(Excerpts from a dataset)

■ ■ ■ ■

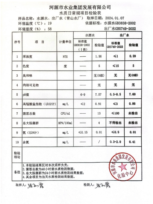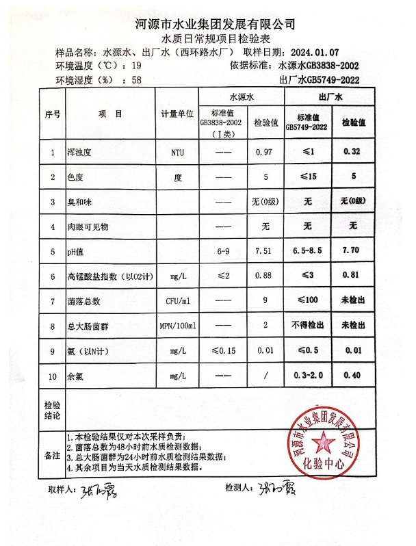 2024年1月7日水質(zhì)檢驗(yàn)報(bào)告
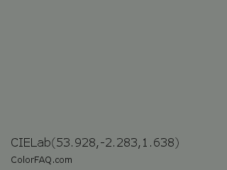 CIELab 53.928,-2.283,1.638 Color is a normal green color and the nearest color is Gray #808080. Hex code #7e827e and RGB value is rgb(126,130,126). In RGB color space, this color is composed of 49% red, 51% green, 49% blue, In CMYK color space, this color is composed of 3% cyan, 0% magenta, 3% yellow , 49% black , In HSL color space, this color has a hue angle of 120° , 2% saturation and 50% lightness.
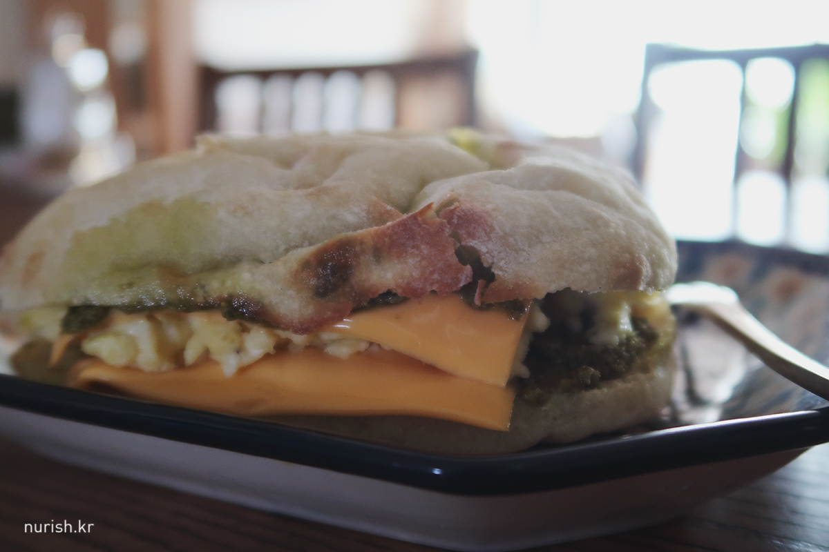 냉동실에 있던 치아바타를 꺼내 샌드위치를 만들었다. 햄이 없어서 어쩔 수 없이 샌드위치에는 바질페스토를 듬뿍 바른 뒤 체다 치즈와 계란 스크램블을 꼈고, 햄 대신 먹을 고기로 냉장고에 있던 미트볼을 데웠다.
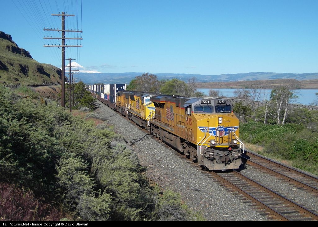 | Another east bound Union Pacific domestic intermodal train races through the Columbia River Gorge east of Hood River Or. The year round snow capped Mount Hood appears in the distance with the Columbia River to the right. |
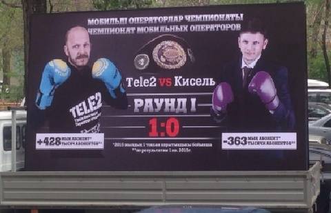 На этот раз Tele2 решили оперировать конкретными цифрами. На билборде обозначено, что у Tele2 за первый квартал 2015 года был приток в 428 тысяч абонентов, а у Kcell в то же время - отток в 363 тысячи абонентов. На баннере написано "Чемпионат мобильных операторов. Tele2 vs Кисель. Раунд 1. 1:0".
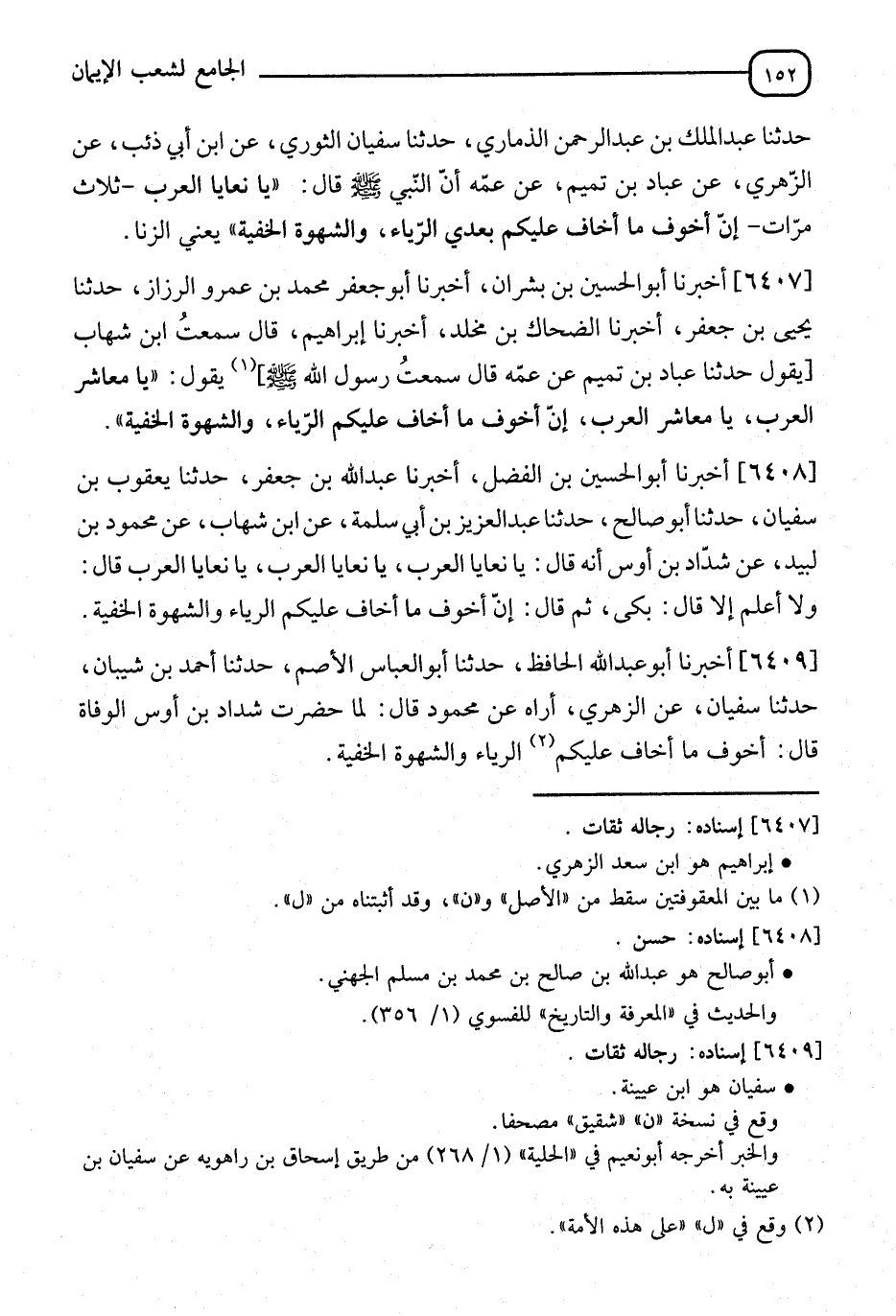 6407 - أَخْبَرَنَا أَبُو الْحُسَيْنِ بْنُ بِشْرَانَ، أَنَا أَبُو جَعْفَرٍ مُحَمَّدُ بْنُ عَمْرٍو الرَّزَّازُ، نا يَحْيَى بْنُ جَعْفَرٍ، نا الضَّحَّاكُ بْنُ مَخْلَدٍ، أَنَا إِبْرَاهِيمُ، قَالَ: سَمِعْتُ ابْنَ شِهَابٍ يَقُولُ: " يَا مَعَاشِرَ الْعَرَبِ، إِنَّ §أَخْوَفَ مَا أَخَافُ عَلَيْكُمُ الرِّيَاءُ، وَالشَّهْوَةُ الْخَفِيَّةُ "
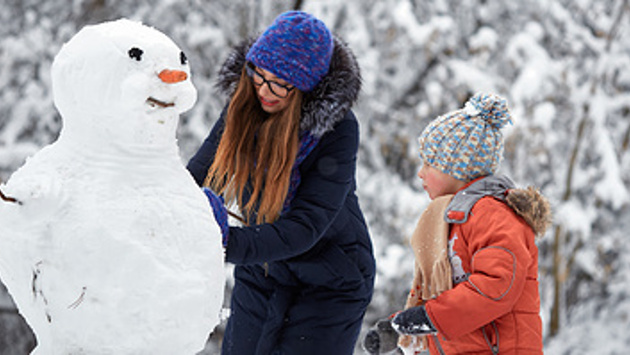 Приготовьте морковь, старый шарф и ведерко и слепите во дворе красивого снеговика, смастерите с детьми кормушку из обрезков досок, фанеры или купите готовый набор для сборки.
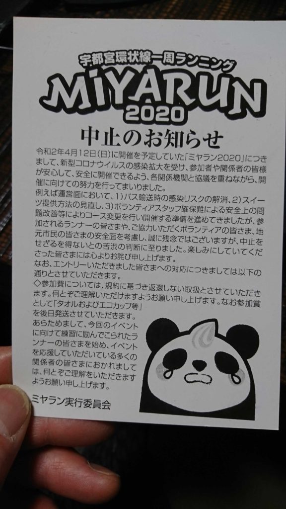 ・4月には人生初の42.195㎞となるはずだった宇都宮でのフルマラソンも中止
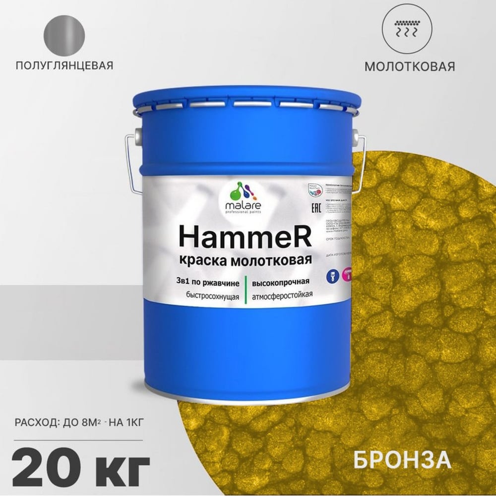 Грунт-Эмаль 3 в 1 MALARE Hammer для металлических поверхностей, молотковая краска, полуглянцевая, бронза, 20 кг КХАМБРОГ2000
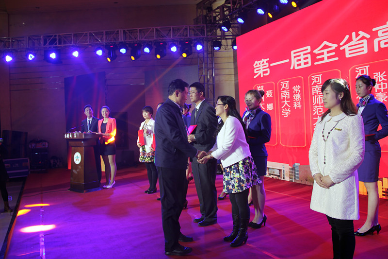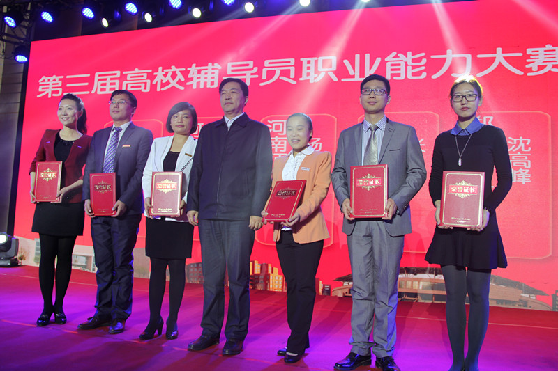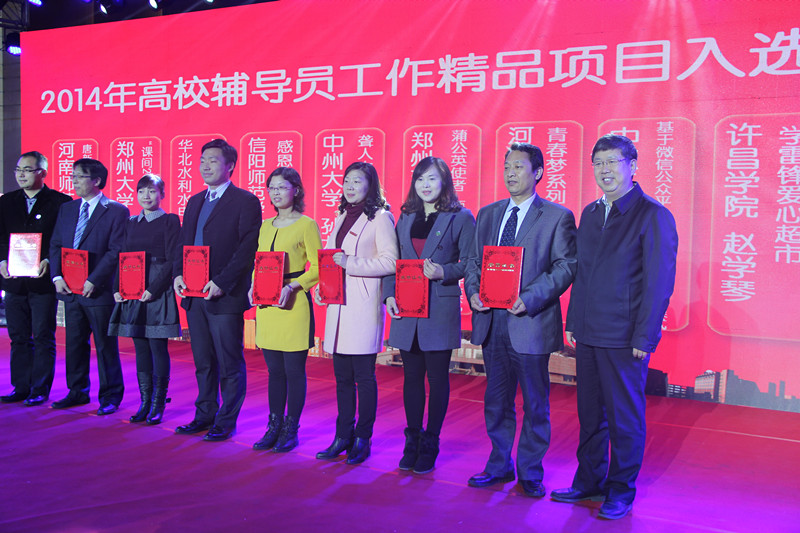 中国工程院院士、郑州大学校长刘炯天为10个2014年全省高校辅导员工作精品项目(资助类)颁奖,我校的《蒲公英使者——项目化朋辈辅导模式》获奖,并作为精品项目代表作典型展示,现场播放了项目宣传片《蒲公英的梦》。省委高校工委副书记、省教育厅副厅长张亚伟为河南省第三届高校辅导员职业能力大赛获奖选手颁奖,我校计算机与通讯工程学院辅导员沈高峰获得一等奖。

■ ■ ■ ■

_THE PROBLEM_: Only the lines from the one containing "the right. |" through the end of the records above should be retyped, exactly as they stand, with any pictures left out.

_WRITTEN SOLUTION_:
 | Another east bound Union Pacific domestic intermodal train races through the Columbia River Gorge east of Hood River Or. The year round snow capped Mount Hood appears in the distance with the Columbia River to the right. |
 На этот раз Tele2 решили оперировать конкретными цифрами. На билборде обозначено, что у Tele2 за первый квартал 2015 года был приток в 428 тысяч абонентов, а у Kcell в то же время - отток в 363 тысячи абонентов. На баннере написано "Чемпионат мобильных операторов. Tele2 vs Кисель. Раунд 1. 1:0".
 6407 - أَخْبَرَنَا أَبُو الْحُسَيْنِ بْنُ بِشْرَانَ، أَنَا أَبُو جَعْفَرٍ مُحَمَّدُ بْنُ عَمْرٍو الرَّزَّازُ، نا يَحْيَى بْنُ جَعْفَرٍ، نا الضَّحَّاكُ بْنُ مَخْلَدٍ، أَنَا إِبْرَاهِيمُ، قَالَ: سَمِعْتُ ابْنَ شِهَابٍ يَقُولُ: " يَا مَعَاشِرَ الْعَرَبِ، إِنَّ §أَخْوَفَ مَا أَخَافُ عَلَيْكُمُ الرِّيَاءُ، وَالشَّهْوَةُ الْخَفِيَّةُ "
 Приготовьте морковь, старый шарф и ведерко и слепите во дворе красивого снеговика, смастерите с детьми кормушку из обрезков досок, фанеры или купите готовый набор для сборки.
 ・4月には人生初の42.195㎞となるはずだった宇都宮でのフルマラソンも中止
 Грунт-Эмаль 3 в 1 MALARE Hammer для металлических поверхностей, молотковая краска, полуглянцевая, бронза, 20 кг КХАМБРОГ2000
 中国工程院院士、郑州大学校长刘炯天为10个2014年全省高校辅导员工作精品项目(资助类)颁奖,我校的《蒲公英使者——项目化朋辈辅导模式》获奖,并作为精品项目代表作典型展示,现场播放了项目宣传片《蒲公英的梦》。省委高校工委副书记、省教育厅副厅长张亚伟为河南省第三届高校辅导员职业能力大赛获奖选手颁奖,我校计算机与通讯工程学院辅导员沈高峰获得一等奖。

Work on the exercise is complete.